Amy glares at me fiercely, an angry flush staining her cheeks. “Maybe if you’d admit you weren’t good enough to do everything on this effing ship yourself, you could see that you have people who could actually help you right underneath your feet!”

I know she said it in anger — that I wasn’t good enough. But her words do hurt, like a hot knife slicing through the center of me. “Haven’t you figured out that half my problems are because of you? If I didn’t have to watch out for the freak, maybe I could get something done!”

As soon as the words slip past my lips, I wish I could grab them with my hands and crush them in my fists.

But I can’t.

The words are there.

I’ve called Amy a freak, the one thing I swore I’d never do.

I was the only person on the whole ship who hadn’t called her that.

And now I have.

Amy jerks her head, almost as if the words have struck a blow against her cheek. She spins on her heel and storms toward the Learning Center door — and the grav tube that would take her away from me.

“Amy!” I shout, racing after her. She ducks her head away from me, hair swinging down to cover her face, and darts through the door. I grab her by the elbow, spinning her around and pulling her back into the Great Room. She jerks out of my grasp, but at least she doesn’t keep running from me.

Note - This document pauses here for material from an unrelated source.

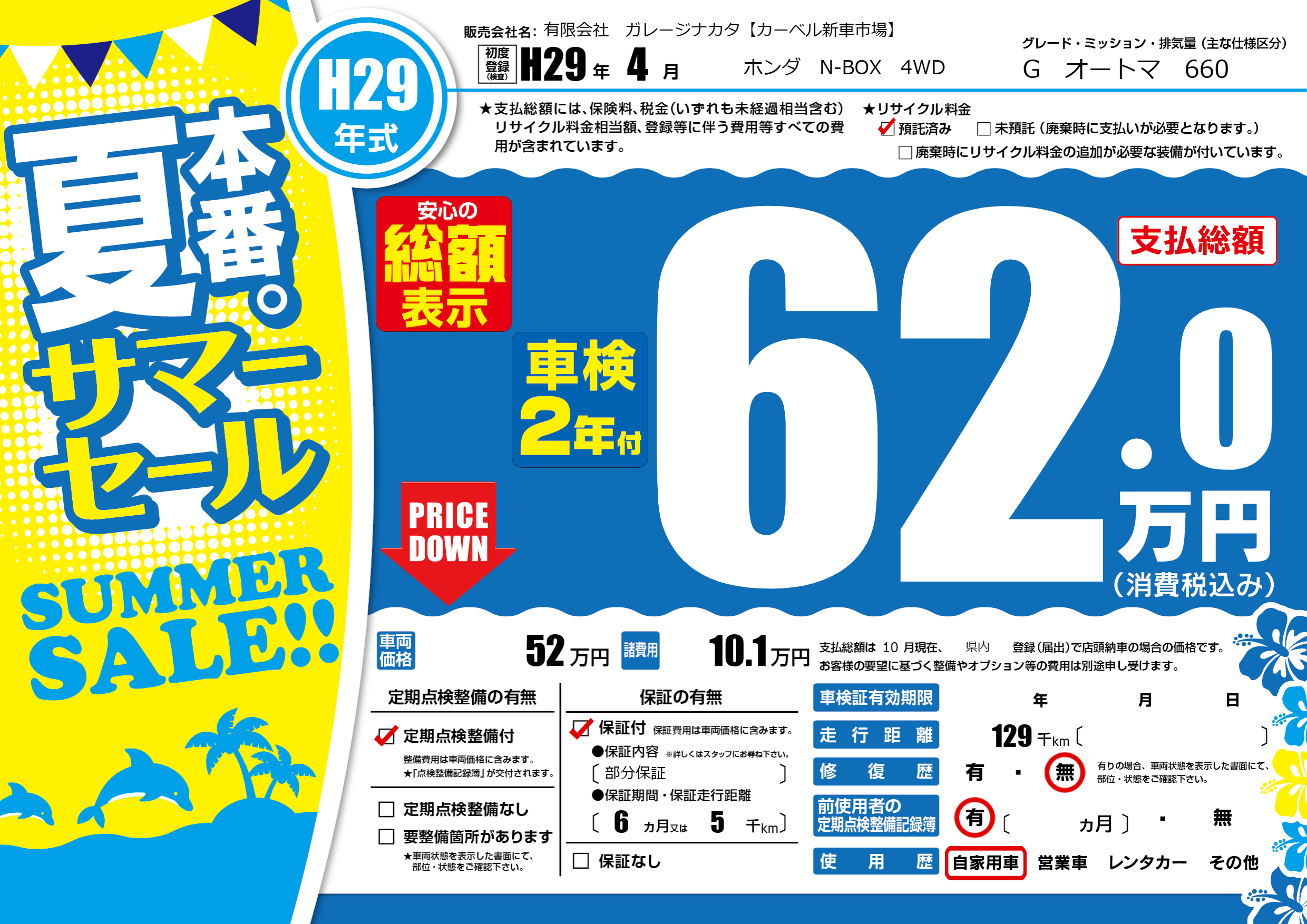 保証付き 保証内容(部分保証) 6ヶ月または(5)千kmまで |

“I’m sorry,” I say immediately. “I didn’t mean that. I’m sorry, I’m sorry, I’m sorry.” I raise my hand again, but she flinches from me, and I drop it immediately.

She doesn’t meet my eyes.

“You’re right,” she finally says, blinking rapidly and looking up at the artificial stars.

“No, I’m not, I’m sorry, you’re not a freak, you’re not.”

She shakes her head. “Not about that. About… I’m scared,” she whispers.

She twists the wi-com round and round her wrist, leaving a red mark. I’ve seen her silent before, brooding. There have been times when we’d be talking and she’d suddenly drop from the conversation, retreat within herself for a few moments before returning to me. Before, I’d always thought it had something to do with me — that she’d remembered my betrayal, or I’d said something to trigger a memory of the past she could no longer have. Now I’m wondering if it’s something else.

“What’s wrong?” I ask, my voice lower, the fight in it gone, replaced with concern.

She jumps at the question.

“Has someone hurt you?” I ask. “Or threatened you?”

I move closer to her. I want to reach out, take her hands in mine, draw her closer to me. But she looks as hard as stone.